Ease of use ought to be a hygiene factor. No producer should be permitted to provide unless they have met this basic standard. Without getting the basics right permission to do the sophisticated stuff should not be granted. “Have you washed your hands?” is an almost ubiquitous command because it is always sound, relevant advice. Well raised children know all about this. Not all of our hands are clean, however.
It is easy to be frustrated by users’ lack of patience and attention deficit. No matter how tempting it is to blame human error, remember that our users are always right (just like the fabled customer). If they find something hard, it probably is hard (or, at least, not as simple as it should be). Who is to argue anyway when the standard for simplicity was set by that brutal Google search box at the tail end of the millennium.
Many technology tools are guilty of being too clever by half and losing sight of their hygiene standards. The temptation to pack in functionality and features is powerful but also dangerous (have another look iTunes for a fine example of bloatware). The best tools tend to do one job very well and focus on that. If another job needs to be done, maybe another tool is a good option.
For once, I am not making this point as a critique of corporate technologies and their poor usability record. The rights of the long suffering learner will, I hope, be championed elsewhere. There is another important user group on whose behalf to lobby, though. That is the poor content producer (or instructional designer maybe). These folks (of whom there are a rapidly growing number) are consistently poorly served by authoring tools, and content management systems that are vexing, complex and counter-intuitive. They make what should be the simple task of preparing and publishing content hard enough to require training. In 2015, a product that needs an instruction manual is probably not quite ready. Making and distributing content really should be a straightforward affair.
To me, the benchmark for usability in content production and publishing was always WordPress (upon which this blog is created). With more than 74 million sites powered by it, this is a product that is clearly doing things right. Few, if any, other content production tools can reach this standard of simplicity, reliability and consistency. Despite being over 1o years old, it is still a market leader. Content authoring services should hold WordPress as their standard. In particular, eLearning authoring tools (which have a habit of baffling many not raised in the authoring world) should emulate and copy this example and make it as easy as possible to create and publish. Or so I thought…

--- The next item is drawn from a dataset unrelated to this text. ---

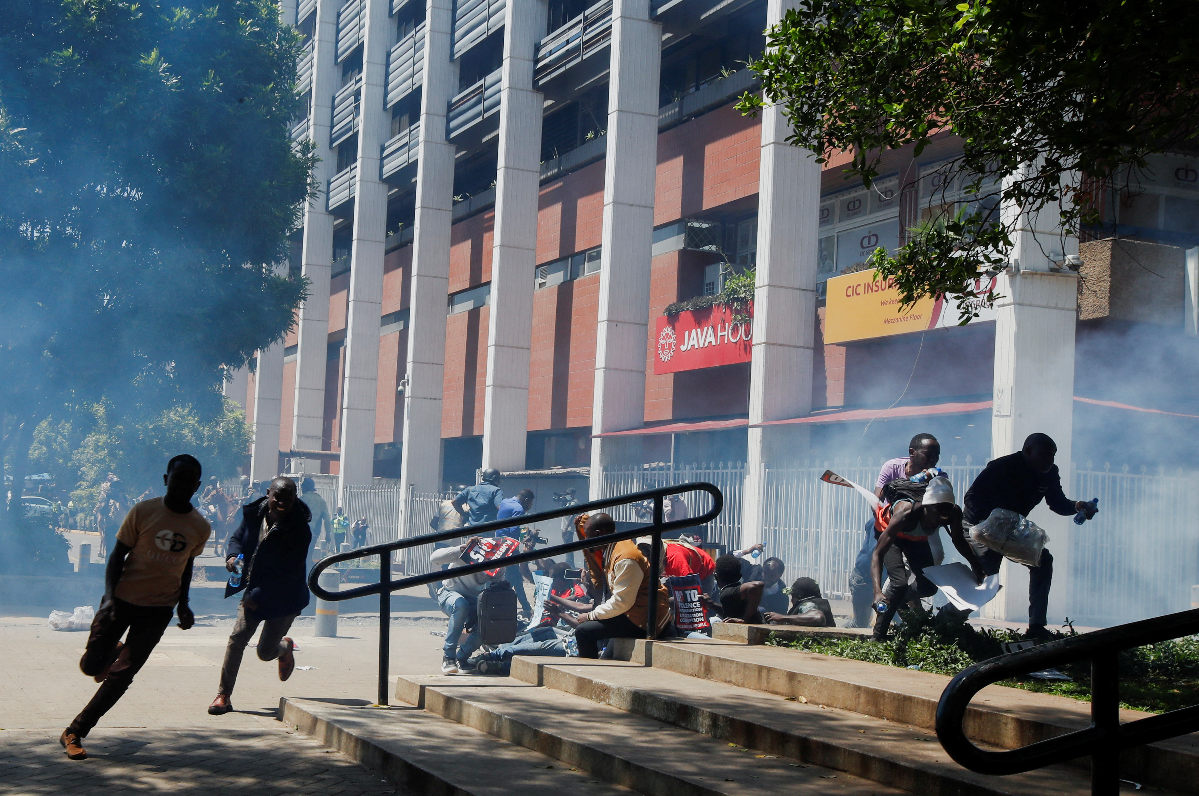 Riot police lob tear gas canisters as they attempt to disperse protesters demonstrating against what they say is a wave of unexplained abductions of government critics, along the Aga Khan walk in downtown Nairobi, Kenya on December 30, 2024. (Photo by Monicah Mwangi/Reuters)

But, the eLearning world tends to have a business to business mindset. Vendors sell to corporate buyers who, attempt to, represent their staff needs. In these circumstances, user or learner needs tend to be translated into the language of the systems landscape of the organisation. The phrasebooks of those translations are edited by L&D folks. Learner needs are met indirectly and the authoring tools and the LMS substitute the role of the WordPress website. Whilst I believe that there is much room for improvement to help L&D teams quickly and simply create the right content for their learners, I think the current digital landscape now leapfrogs all of this.
The new standard for content creation and publishing simplicity is not WordPress or its’ kind. It is the raft of social tools we all use as publishing methods without really thinking about it (which is the true hallmark of simplicity). The combination of Facebook, Instagram, Flickr, Twitter, YuoTube, Vine, Periscope etc. have conquered the digital world and demystified image editing, broadcasting, video editing, publishing and the gathering of feedback. They have become media channels and the means to populate the channels. None of them have a user manual, although plenty of excellent tutorials exist on all of them. Couple this with the ability to search, browse and recommend the best content and the role of the traditional L&D effort is open to interrogation. What kind of specialist expertise is required to create learning content?
The expertise needed to answer questions, instruct and train is connecting directly with those who want to learn these days. As with so many areas the intermediary role needs to prove its worth. The connections are made by tools that are cheap, if not free, of very good quality, reliable and easy to use. Cataloguing and discovery is automated as a by product of the platforms they are produced on. When learning and training are becoming this simple intermediaries need to be very careful to make a valuable contribution. There is little now in the way of the subject matter experts positioning themselves as teachers with the tools of that trade readily available in the palm of their hand.
One response to “Is eLearning as easy as everything else now?”
Those are some very well thought-out observations, thank you for sharing. While the ease of use is important, so are the features. In my opinion one doesn’t have to cancel out the other one, as long as clever interface design is employed.